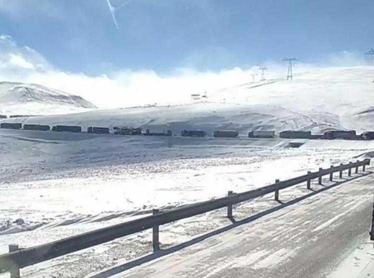 张延斌在驾驶室拍下远处卡车排成长队的照片。
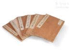 SHIMIZU SEIFU (1851-1913) et Nishizawa Tekiho (1889-1965): Unai no tomo Livre de jouets Six volumes sur dix (volumes 2/3/4/5/6). Couvertures brunes embossées. Edition 1911 Dim. 25 x 17,7 cm. On joint un volume inconnu de l'édition de 1891. couverture beige embossée. (Gaufrage et couleurs micacés) Dim. 25 x 17,7 cm.
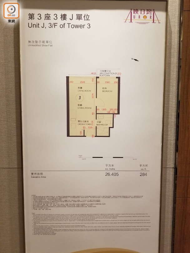 其中參照3座3樓J室搭建,實用面積284方呎,一房間隔。
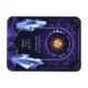 Mystic Sun Event Save the Date Magnet featuring a mystical design inspired by astrology, esoteric, occult, and mysterious elements. This design has hues of blue, purple, and orange, a starry background, crystals, constellations, a sun with a face and moon phases. Includes a template for personal customization.
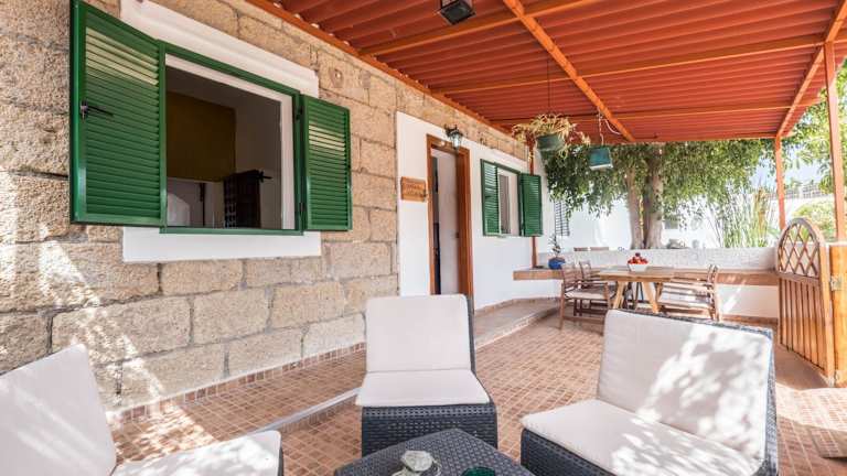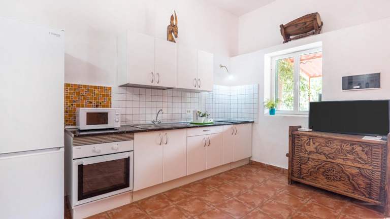 Das Ferienhaus bietet zwei Schlafzimmer und ein Badezimmer, sowie eine voll ausgestattete Küche. Zur Ausstattung gehören Bettwäsche, Handtücher und ein TV mit Satellitenkanälen. Von der Terrasse aus können die Gäste den Blick auf das Meer geniessen.
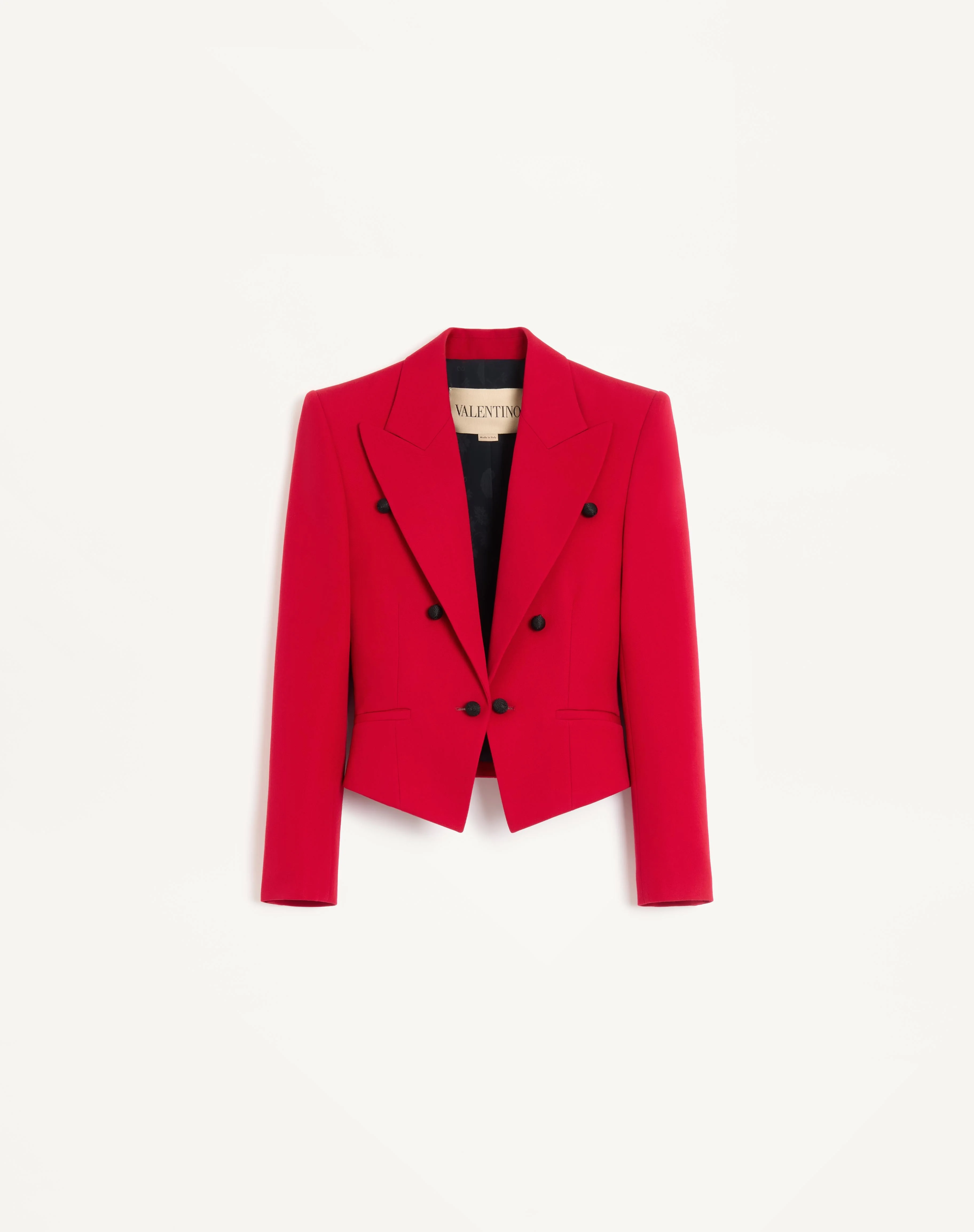 Virgin Wool Jacket - Front closure with soutache buttons - Shoulder pads - Virgin Wool (100% Virgin Wool) - VLogo Flower Jacquard Lining (75% Acetate, 25% Silk) - Length: 49 cm / 19.3 in. from the shoulders in an Italian size 40 - The model is 176 cm / 5'9" tall and wears an Italian size 40 - Made in Italy The look of the model is completed by a Valentino Garavani Viva Superstar Bag and Valentino Garavani Hotty Shoes. Product code: 8B3CE58597W_R9M
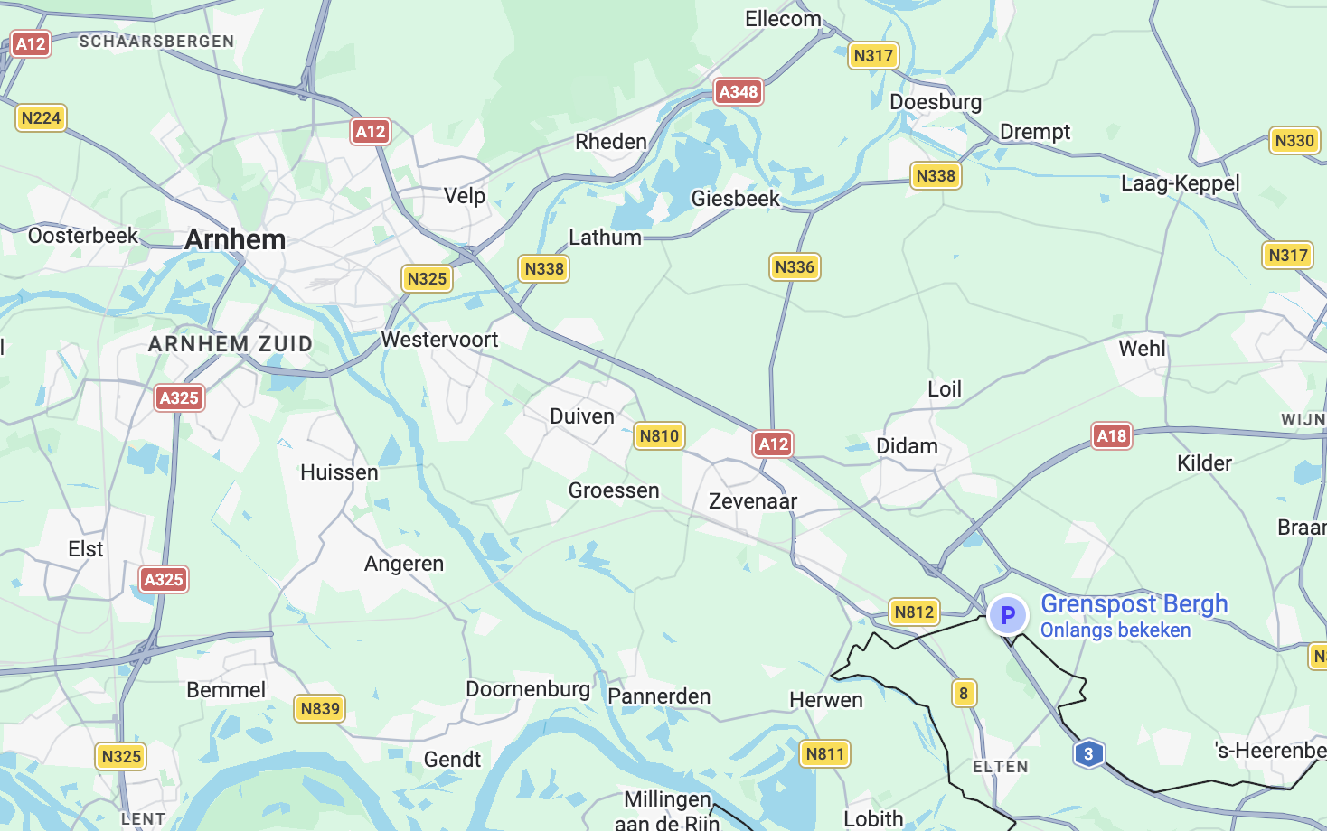 A12 vlak voor de grens bij Duitsland. Dagelijks rijden er meer dan 35.000 mensen voorbij deze borden. En tijdens de vakantieperiode het dubbele....
● ● ● ●
**Problem**
From the material above, give again exactly the lines from the one that contains "Mystic Sun Event" through the one that contains "Das Ferienhaus bietet", and leave out the pictures.

**Your response**
 Mystic Sun Event Save the Date Magnet featuring a mystical design inspired by astrology, esoteric, occult, and mysterious elements. This design has hues of blue, purple, and orange, a starry background, crystals, constellations, a sun with a face and moon phases. Includes a template for personal customization.
 Das Ferienhaus bietet zwei Schlafzimmer und ein Badezimmer, sowie eine voll ausgestattete Küche. Zur Ausstattung gehören Bettwäsche, Handtücher und ein TV mit Satellitenkanälen. Von der Terrasse aus können die Gäste den Blick auf das Meer geniessen.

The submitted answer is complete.